Опять эта парочка. И если чернокожий парень смешит гневным отношением ко всему, что ему не нравится, то китаянка, оказавшаяся секретным агентом под прикрытием, меня только раздражала преувеличенным чувством справедливости, упрямой верой и стремлением ко всему доброму и правильному. Хотя, может, ей сложно осознавать ту свалку аморальности, дикости и кровожадности, в которую превратился прекрасный Баной? Она же, в конце концов, работала там, а смирение с фактом, что теперь того острова не существует, — по крайней мере, в том значении, которое она вкладывает в него — приносит боль.

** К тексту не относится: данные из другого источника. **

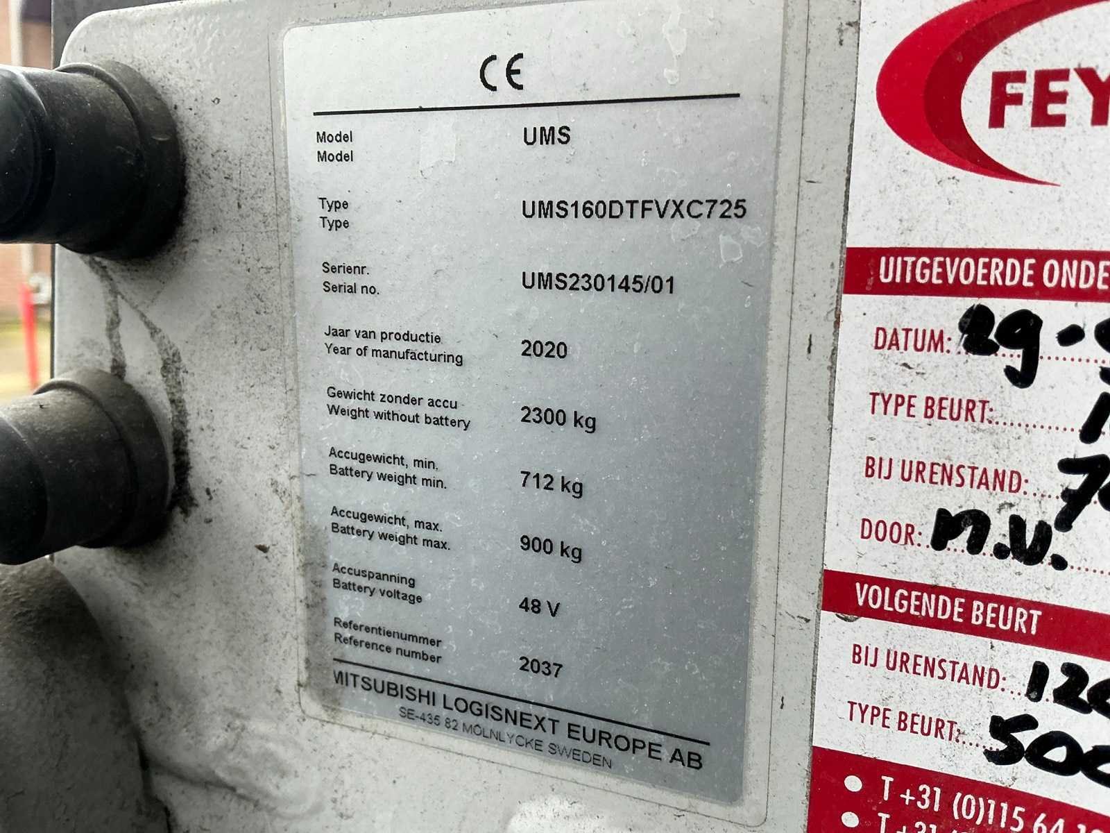 Voorzien van in hoogte verstelbare voetbediening, inclusief 400 Volt lader. Merk: UniCarriers Type: UMS160DTFVXC725 Bouwjaar: 2020 Serienummer: UMS1602300145/01 Brandstof: Elektriciteit Mast: Triple Accu lader: true Free-lift: true Side-shift: true Hefvermogen: 1600kg Lepellengte: 1150mm Hefhoogte: 7200mm Minimale doorrijhoogte: 3050mm Totale afmeting L: 2500mm Totale afmeting Breedte: 130mm Totale afmeting Hoogte: 3050mm

Внимательно оглядев своих попутчиков в нынешней лишённой радостей повседневности, зло приправленной ожиданием «баловницы счастья» Йеремы (до сих пор не удаётся смириться с опекой спасённой из пещеры дикарки), решаю задержаться на нашем спасителе. Чистая форма, как выделяющая, так и подчёркивающая его подозрительную невовлечённость в инцидент, полный кровожадных мутантов, своим ядовито-оранжевым цветом (меня в своё время обязали носить гадкую серую) кричащая окружению «я преступник, берегитесь!» Однако именно он вызволил нашу группу из неприятностей, составил продуманный план побега, помог с добычей оружия (военный, взламывающий замки?! Странное сочетание, но я решил не придавать тому значения, ведь прохвостка жизнь часто научала разбираться в разных вещах, ведя по самым непредсказуемым дорогам), провёл на крышу девушек безопасным путём и поднял вертушку в воздух, в конце концов! Да он просто душка в среде злоумышленников. Поэтому мне чудится, когда смотрю на него, что кричащая надпись меняется на «Кевин — ваш смышлёный дружок», который явно наслаждается подобием свободы: сидит и дышит спокойно, скользит по сторонам пытливым взглядом, едва скрытым за прозрачными стёклами очков. С виду кажется, он что-нибудь замышляет, но я не даю волю глупым предрассудкам. Хочу верить в хороший исход. Пока судьба обещает именно его.